A slippery slope

I am concerned by the fact that some major companies are proposing that in on-line meetings we should all appear to each other as computer graphic avatars. It’s not just a philosophical issue — it’s also about the devil in the details.

One of the key elements of such an initiative is solving the latency problem. If I am going to appear to you as a synthetic avatar, then your computer needs to know what to do if there is any delay in network transmission.

For video-based interactions (like what you see over Zoom), this is not such a big issue. We understand that networks can be unreliable and that sometimes a video feed can stutter.

But you can’t quite do that with synthetic avatars. Instead you need to fill in the gaps with machine learning. You need to fake it.

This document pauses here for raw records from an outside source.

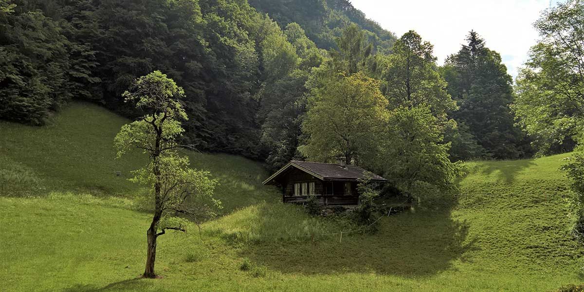 Vom Bahnhof Meiringen geht es in direkter Linie an den nördlichen Dorfrand. Beim ehemaligen Amthaus zweigt der Wanderweg Richtung Hausen links ab. Zwischen Siedlungsgebiet und Wald kommt man auf dem Kiesweg zügig in westlicher Richtung voran. Ausserhalb des Eyelti-Quartiers, das zum Meiringer Dorfteil Hausen gehört, gelangt man zum Hüsenbach. Schon bald schwenkt die Wanderroute auf ein pfeifengerades und entsprechend langweiliges Strässchen ein, führt aber immerhin weiter dem Gewässer entlang.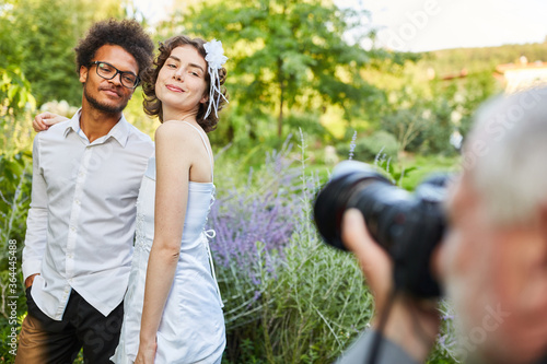 Hochzeitsfotograf fotografiert glückliches Brautpaar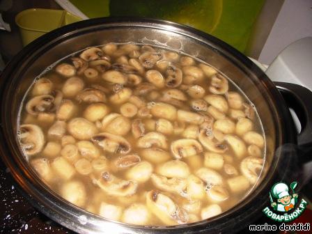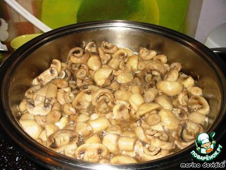 Когда масло растопилось, добавляем грибы и на большом огне, перемешивая, тушим примерно 5 мин. до полуготовности

In particular, you need to synthesize body movements and facial micro-expressions to fill in the gaps. And those movements and expressions don’t necessarily fully correspond to reality.

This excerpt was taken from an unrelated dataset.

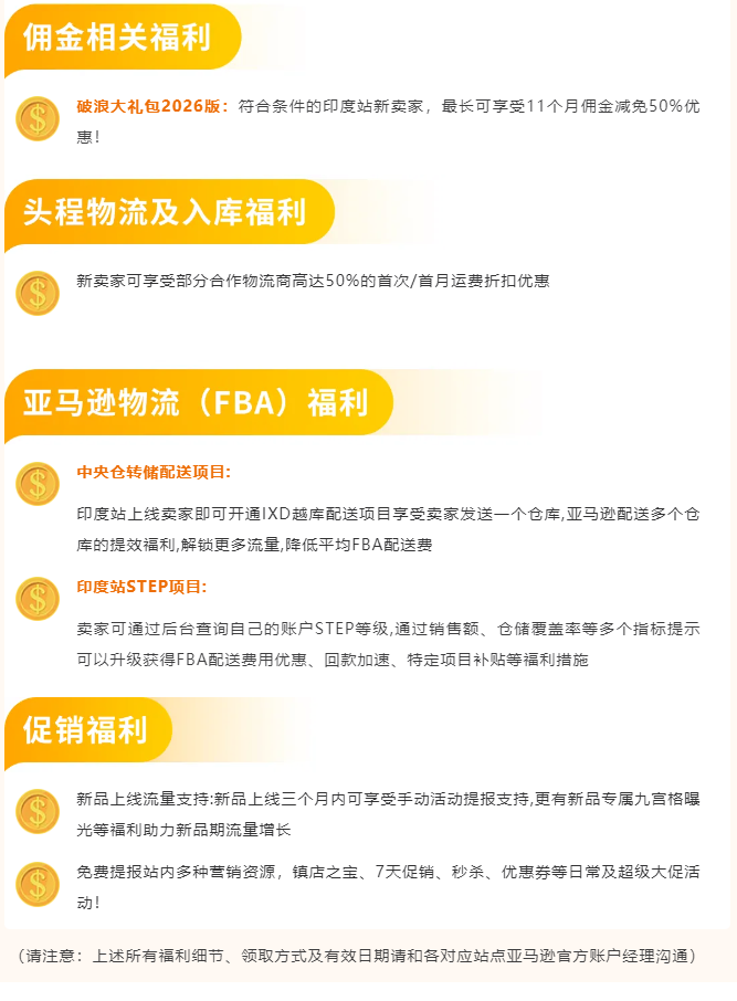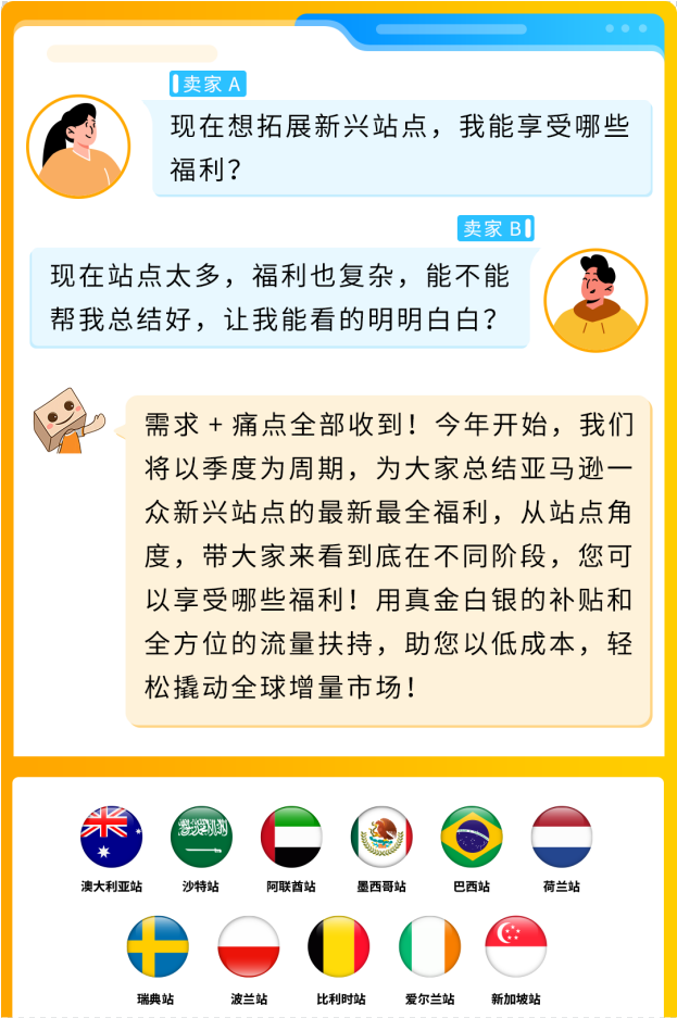 除了大家熟悉的新卖家大礼包和亚马逊物流新品入仓优惠计划,各新兴站点专享福利,怎么能错过?我们将为大家按照不同主题对福利进行全方位梳理和总结。

So that direction sends us down a slippery slope to a make believe reality in which the subtleties of people’s emotions are represented not faithfully, but rather as third party constructs.

That might not be such a good idea.

One thought on “A slippery slope”

  1. I may have mentioned this before, but after Avatar came out, there were behind-the-scenes clips on YouTube showing the actor’s performance side-by-side with the CGI rendering.

    Watching the movie, the CGI characters looked pretty good; it was spare-no-expense movie tech a decade ago.

    But when you watched the CGI next to the actual actors you saw how much of the expression and emotion was drained in the reproduction. Human brains are highly tuned to read human faces, and even very subtle details matter.